DOJ to Miss Biden Deadline to Release 9/11 Investigation Documents

(PresidentialInsider.com)- Last week, the Justice Department admitted that it would not make the deadline set by President Biden’s executive order to review and release the documents related to the FBI investigation into the 9/11 attacks.

Back in September, the president ordered the DOJ to review the FBI investigation documents and gave it six months to publicly release the declassified documents.

In a filing last week, the DOJ informed New York Judge Sarah Netburn that the FBI would release most of the required documents by the middle of March with more releases to follow through mid-April. The DOJ told the judge that the coordination with foreign governments and “ongoing interagency review” were the causes of the delay.

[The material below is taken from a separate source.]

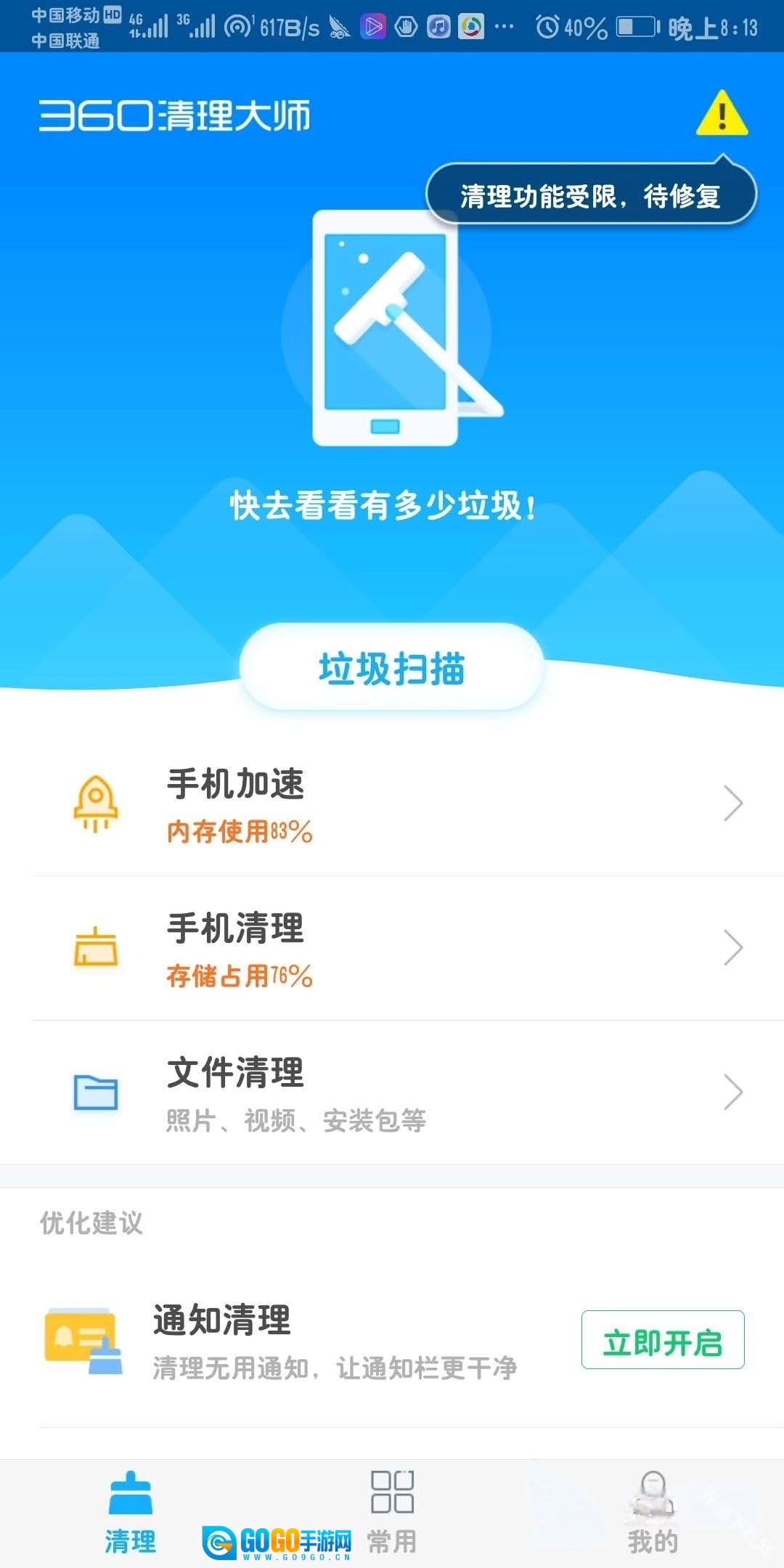 在“优化建议”板块中设有两个功能选项,其一为通知清理,该功能能够协助您移除手机中无用的通知信息;其二是自动清理垃圾,此功能可自动对手机内的各类垃圾文件进行清除操作。

The Justice Department told the judge that the FBI was working on creating separate “production sets” of the documents by mid-April since the records contain redactions required by the Privacy Act.

So far, the FBI has released over 700 documents and more than 2,700 pages in accordance with President Biden’s executive order.

Families of those killed on 9/11 have been demanding more information from the DOJ on what the FBI discovered in its investigation and have for years contended that these documents will reveal a Saudi connection to the plot.

Saudi Arabia has long denied it had a role in the 9/11 attacks, despite fifteen of the 19 hijackers being Saudis.

The group representing the families and survivors of 9/11 sent President Biden a letter last Thursday urging him to address the 9/11 attacks in his discussions with Saudi Arabia on increasing oil output.

According to the 9/11 Commission report, no evidence of direct Saudi funding in the al Qaeda plot was found. However, the commission did not rule out the possibility that individual Saudi officials may have provided funding for the 9/11 terrorist attack.

The families of about 2,500 of those killed on 9/11, over 20,000 of the injured, along with businesses and various insurers have sued Saudi Arabia for billions of dollars in damages related to the 9/11 attack.